M&D Deli Becomes Bread & Butter and Keeps on Keepin’ On

Written by David Stone.

Maybe it was a Sunday morning, decades ago, when Buddy Hackett called “Good morning!” on his way to buy coffee and The Times. Or maybe it was when you caught yourself wondering how long since you saw the shop cat relaxing in front and you worried a little.

Whenever it was, sooner or later, you realized that “the deli” was a resource shared by almost everyone on Roosevelt Island, some for a hot cup of coffee before hopping on a Red Bus out front, some for an emergency bottle of laundry detergent, and others for fresh fruit and a break in the day. Rich or poor, famous or just one of us, we have relied on our deli for decades.

One thing is for sure, whether we call it the “M&D Deli” or its new name, “Bread & Butter Market,” it’s so much “the deli” that many of us didn’t even notice the name change for months after new signage went up. Our deli is woven into the Roosevelt Island fabric. It’s just there.

As part of Hudson/Related’s deal for managing local business leases, a major push began to update and improve shops fronting on Main Street – or to supervise the exit of those unable to keep pace. For all to thrive, the environment had to improve, to become more welcoming and vibrant. When that impetus hit the M&D Deli, things went from good to even better.

Along with a new name came a revitalized look, more products and a more user-friendly design.

(Click to enlarge)

One thing that strikes you on entering Bread & Butter Market is the more open look of the counter space where clerks greet customers in a well-lit setting that used to be cluttered and a little claustrophobic. Now, it’s friendlier, with an easier connection between customer and register.

Joined on the right is a salad bar and a deli counter filled with delicious-looking prepared meals, making it a great place to grab lunch or dinner on the fly.

Summoning the bleary-eyed customer on her or his way to work, a coffee machine offers the variety people have come to expect, whether you’re a black coffee-for-survival type or a more refined consumer of hot, caffeinated beverages. Bagels and baked goods are nearby, and for the more health conscious, baskets of apples, bananas, lemons and plantains are fresh and full.

What seems most changed at the deli is the smart reorientation of shelves filled with basic commodities. Instead of aisles running north from the counter, each now rests at a 90 degree angle and takes advantage of the floor-to-ceiling street-front windows for extra lighting. The shelving is tall and well-stocked. Prices are usually easy to locate for comparisons.

Comparison shopping matters to most of us. At Bread & Butter Market, the owners wisely offer an adequate variety of products to consider. Maxwell House faces off against Folger’s, for instance. General Mills goes head to head with Kellogg. Nowhere in this new arrangement are you hampered by a lack of choices or an inability to find what you want.
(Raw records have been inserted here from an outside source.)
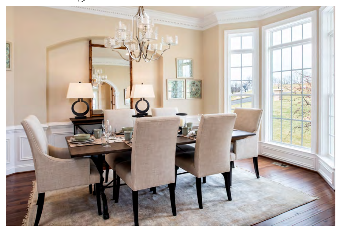
Dining room with full height bay window and decorative art niche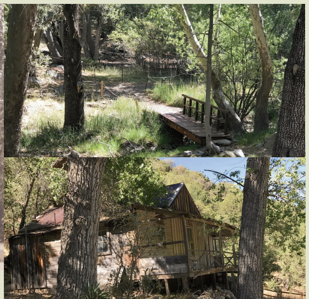
Present Day Ramsey Canyon and historical cabin.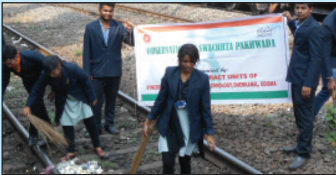
Observation of Swachhta Pakhwada by the students of Synergy, Dhenkanal at Dhenkanal Railway Station.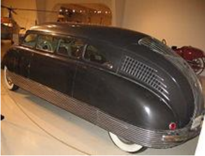
1935 Stout Scarab

You might expect less from a market with relatively small floor space, but instead, what you come away with is an understanding of why such places are sometimes called “convenience stores.” With the new, better-lit, and open design, shoppers save time and money by easily finding what they want without walking endless aisles, forced to look at products for which they have no interest.

A final but decisive factor is that the friendliness Islanders have become used to finding at this venue remains undiminished. Sam, the deli counterman, waits for his next order with a broad, easy smile. “I’ve been working here since 1985,” he brags.

So, how about that? A convenience store that’s actually convenient and retains people who love their jobs? Little things help a small community thrive. More than ever, now, Bread & Butter Market does its share.